The item tower focuses on constructing efficient representations of products, primarily using item IDs and titles. The simplicity of the item representation, noting the empirical observation that complex models like LSTMs are less effective on short, keyword-stacked titles, is one of the model's efficiencies.

Two innovative strategies are presented to enhance product relevance in retrievals:

Smoothing Noisy Training Data: By incorporating a temperature parameter into the softmax function, the model reduces overfitting to noisy click data, thus increasing relevance.
Generating Relevance-improving Hard Negative Samples: This method interpolates between positive examples and hard-negative samples in the embedding space, creating challenging scenarios that refine the model’s discriminative power without extra labeling or training costs.

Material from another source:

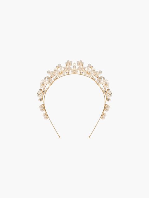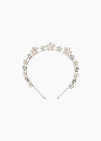 The Zaya Tiara is a queenly yet playful way to compliment a gorgeous white gown. Alternating Czech crystals and pearls form these flowers, the contrasting materials allowing the shapes to pop for a graphic look. Complete the look with the Zaya Stud Earrings, or add additional drama with the Zaya Bobby Pin Set. Dimensions: 1" in height, 12.75" in length. Material The Zaya Tiara is made in New York of crystal and crystal pearl embellishment, on a thin and flexible headband, which is custom designed to disappear in the hair and ensure hours of comfort. We recommend treating this headband as you would a piece of jewelry, and storing in the dust bag when not in use. Avoid contact with water, perfume, and other chemicals, including hairspray, which should be used before placement in the hair.

Deployment and System Integration

The deployment of MGDSPR in Taobao’s production environment is characterized by its integration into a multi-channel retrieval system that handles millions of items. The model works in tandem with an approximate nearest neighbor (ANN) search mechanism to efficiently manage the enormous scale of data. Furthermore, a relevance control module enhances the retrieval process by ensuring exact term matching, thus complementing the fuzzy nature of embedding retrieval with precision necessary for improved user experience.

Experimental Insights and Implications

The effectiveness of MGDSPR is substantiated by offline experiments conducted on vast datasets and through online A/B tests. The model demonstrated superior recall and relevance metrics compared to a strong baseline (a variant of the DNN recommended by Covington et al.), showing a 2.5% improvement in Recall@1000 and a notable leap of 13.3% in good rate at retrieval. Online A/B tests further illustrated substantial improvements in Gross Merchandise Volume (GMV) and the number of relevant transaction items displayed to users.

Implications and Future Work

MGDSPR’s design and deployment signify an appreciable stride in personalizing product retrieval systems by blending semantic depth and operational efficiency. Future research could focus on extending this framework to explore even finer-grained user behavior patterns, potentially leveraging real-time context or combining with advanced user understanding models to further tune the personalization and relevance aspects.

In conclusion, by addressing pertinent challenges in e-commerce search systems, this research not only enhances the practical utility of EBR systems but also contributes significant new methodologies and insights to the academic landscape of information retrieval and e-commerce AI.